Tony Vegliante, chief human resources officer for USPS, said the agency is seeking much more flexibility in its labor contracts as it grapples with a difficult financial situation.
Consider the numbers:
-- Mail volume has dropped from 213 billion pieces of mail delivered annually in 2006 to 177 billion pieces last year and an anticipated 150 billion pieces delivered in 2020.
-- The Postal Service is an incredibly labor-intensive organization, with wages and benefits accounting for 78.4 percent of the agency's total costs.
-- An aging workforce could mean that as many as 300,000 workers will leave the Postal Service in the next decade. Many positions will end through attrition, but others will be filled again, Vegliante said.

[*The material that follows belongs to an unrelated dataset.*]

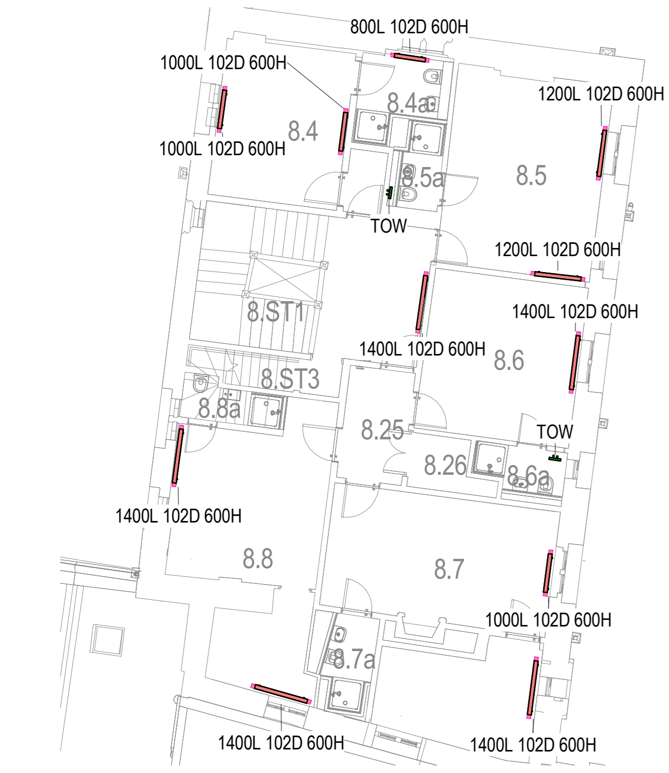
2 500 - Heating (Detail) - Level 02 (Staircase 8) - Staircase 8 1 : 100

Additional radiators required to meet the design heat load for room following detailed review
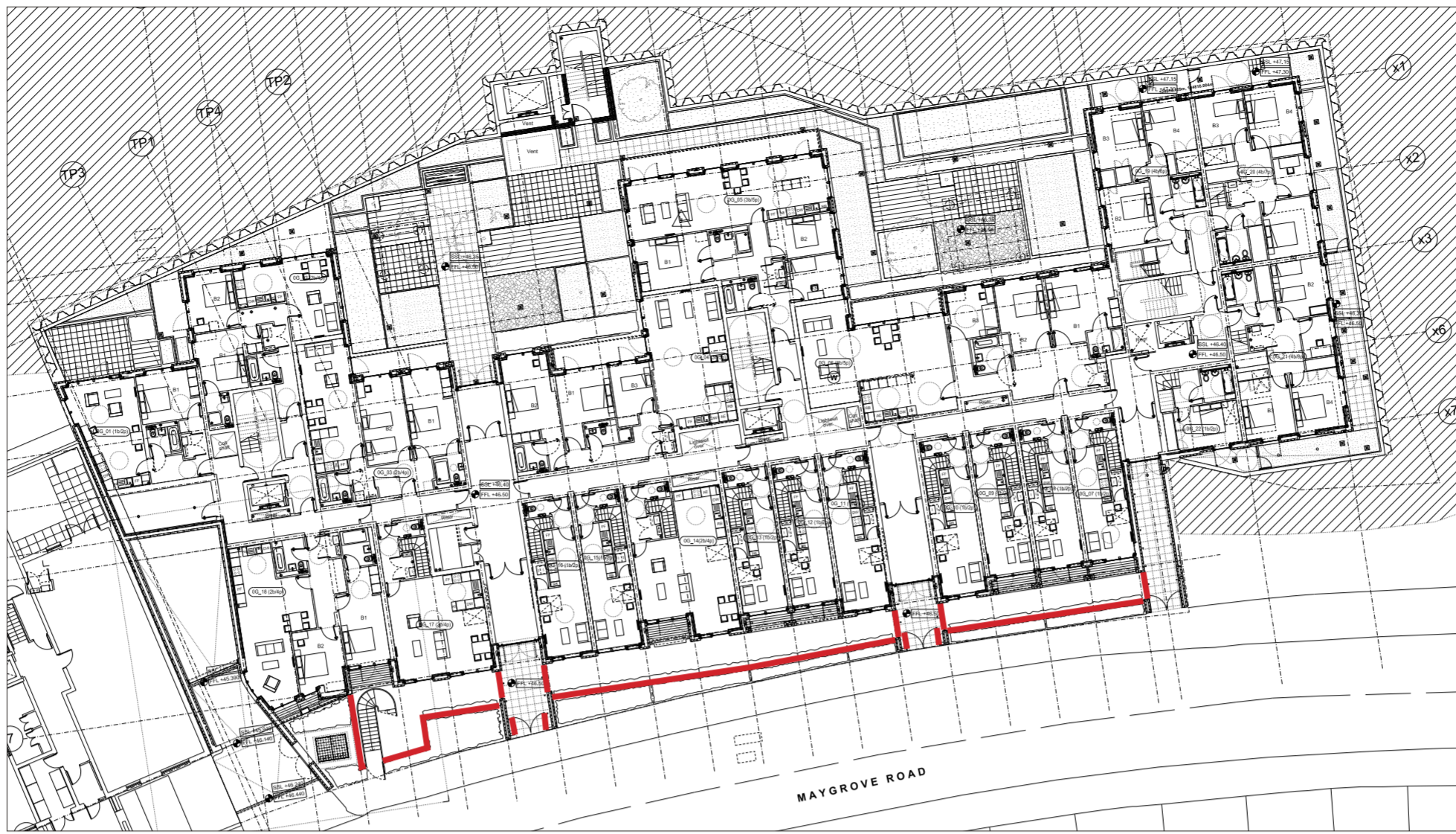
Ground Floor Plan showing location of proposed railings

“We’re still going to be a big organization and we’re going to have responsibilities to our customers and the American public, but it also means we have to change the way we do business," he said. "We don’t have a continually growing environment, we have a shrinking environment, so we have to be much more conscious about how we manage the mail volume as it changes over time, and we need to be flexible.”
APWU President William Burrus said he "recognizes the challenges facing the Postal Service." But the agency cannot depend on labor to pull it out of the red.
"We do not view them, by themselves, as determining the future of the Postal Service," he said. "We have no intent of forcing our members to begin their lives all over again. We see no justification for unraveling agreements made over 40 years."
Burrus said he would look skeptically on any proposal to dramatically increase part-time work.
"Where there is full-time work available we expect it to be filled by full-time employees. ... We believe there is plenty of full-time work available."
Indeed, Vegliante anticipated that current full-time workers would keep their status, but hoped USPS could hire more part-time, seasonal workers in the future.
"But if any current [full-timers] want to volunteer to work part-time, I'm not opposed to that," he joked.
Check back later for updates.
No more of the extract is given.